To screen for enrichment of variants in a given subgroup, we calculated the average difference in variant frequency. For example, 62% of subjects in subgroup 6 had at least one variant in SHANK1. In contrast, the other subgroups had variant frequencies ranging from 29–33% for an average of 31%. Thus, the average difference in variant frequency was 30.6% (p < 0.0005 for a gene to have a difference in variant frequency of this magnitude) indicating variants in SHANK1 were 30.6% more common in subgroup 6 compared to other subgroups. In contrast, the mean frequency of these variants as listed in gnomAD is 0.88%. Plotting the distribution of the difference in variant frequency for each gene revealed that the top 1% of genes had a difference in variant frequency of 21.68% or greater (Fig. 6B).
It is not known what percent difference in variant frequency is clinically significant. Therefore, we considered multiple thresholds based on standard deviations with a goal of being more inclusive and ultimately used dual criteria to ensure that all associated genes associated with just one subgroup. Four standard deviations (20.7% increased or decreased variant frequency from the mean of all subgroups) was the initial cut-off. The second threshold accounted for differences in subgroup distribution in that any genes that were less than three standard deviations from any other subgroup were also excluded. Following these criteria, some groups associated with a small number of genes including six genes with increased variant frequency in group 2, four genes with increased or decreased variant frequency in group 4, and six genes with increased or decreased frequency in group 6. In contrast, group 3 associated with 126 genes with increased variant frequency, 12 genes with increased or decreased variant frequency associated with group 5, and 50 genes with increased or decreased variant frequency associated with group 7. Notably, no genes associated with group 1, characterized by difficulties in all sensory areas (Fig. 6C).
We were particularly interested in the three subgroups associated with a small number of genes. Subgroup 2, characterized by differences in sensory areas four (under-responsiveness) and five (auditory filtering) as well as hyper- and hypo- auditory sensitivity, was associated with variants in FUT8, GGT2, KCNQ1, NALCN-AS1, PHF12, and SLC25A23 (Table 3). Five of these genes are protein coding genes, although their functions vary. Subgroup 4, characterized by largely typical performance in all areas for both methods, associated with variants in CACNA2D3, CUX1, SMG6, and SOBP (Table 3).
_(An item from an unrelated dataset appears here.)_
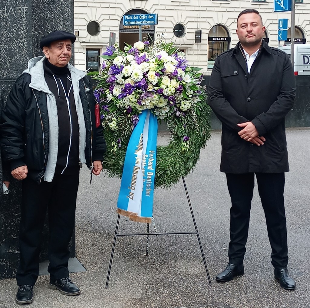 - Erich Schneeberger, langjähriger Erster Vorsitzender im Landesverband Deutscher Sinti und Roma Bayern e.V. und Hugo Höllenreiner bei der Kranzniederlegung am Ewigen Feuer, Platz der Opfer des Nationalsozialismus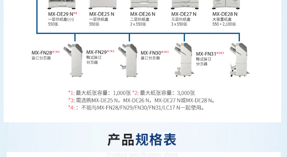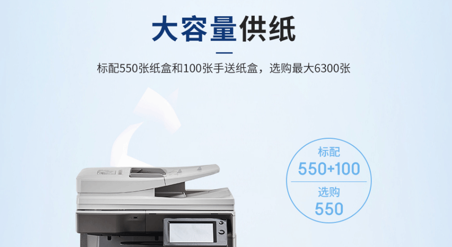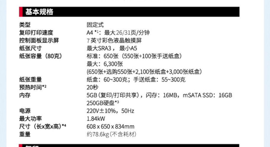 | 纸张容量 | 标准:650 张(550 张纸盒+100 张手送纸盒) 最大:3,100 张(标配600 张,选购件500 张+2,000 张) |

Three of these four genes negatively correlated meaning subjects were less likely to have variants. Finally, subgroup 6, characterized by definitely different scores in areas two and five (taste/smell sensitivity and auditory filtering) as well as hyper-sensitivity to taste and auditory hypo-sensitivity, associated with variants in FNDC3B, GRIK4, LINC01798, NPR3, SHANK1, and SPAG7 (Table 3). Notably, the first four of these genes negatively correlated. Further, SHANK1 was the most strongly associated with this subgroup and is part of a gene family previously identified as being related to ASD (Sala et al., 2015, Sato et al., 2012). The other four subgroups were associated with larger numbers of genes (Supplementary Table 1).